** PROVIDED DATA **
BEGIN
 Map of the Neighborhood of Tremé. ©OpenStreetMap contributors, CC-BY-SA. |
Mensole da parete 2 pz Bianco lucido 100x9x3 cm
END
BEGIN
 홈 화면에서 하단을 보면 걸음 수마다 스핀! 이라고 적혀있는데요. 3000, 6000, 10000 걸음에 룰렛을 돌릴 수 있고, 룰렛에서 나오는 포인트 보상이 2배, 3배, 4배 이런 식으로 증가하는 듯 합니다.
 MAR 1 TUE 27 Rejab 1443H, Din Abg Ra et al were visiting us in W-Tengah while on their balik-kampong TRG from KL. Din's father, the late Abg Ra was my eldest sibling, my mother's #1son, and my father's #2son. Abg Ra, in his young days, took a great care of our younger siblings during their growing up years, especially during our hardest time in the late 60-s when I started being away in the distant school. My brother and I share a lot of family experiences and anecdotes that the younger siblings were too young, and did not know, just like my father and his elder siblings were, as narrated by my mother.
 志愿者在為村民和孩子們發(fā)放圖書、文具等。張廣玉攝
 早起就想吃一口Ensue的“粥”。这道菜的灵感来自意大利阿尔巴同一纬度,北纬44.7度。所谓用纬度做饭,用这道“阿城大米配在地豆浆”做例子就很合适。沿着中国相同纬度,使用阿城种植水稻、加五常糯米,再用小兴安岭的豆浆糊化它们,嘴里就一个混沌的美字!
END
** DESCRIPTION OF THE TASK **
From the records above, quote only the lines running from the line with "Map of the Neighborhood" to the line with "Mensole da parete", both lines included.

** ANSWER BELOW **
 Map of the Neighborhood of Tremé. ©OpenStreetMap contributors, CC-BY-SA. |
Mensole da parete 2 pz Bianco lucido 100x9x3 cm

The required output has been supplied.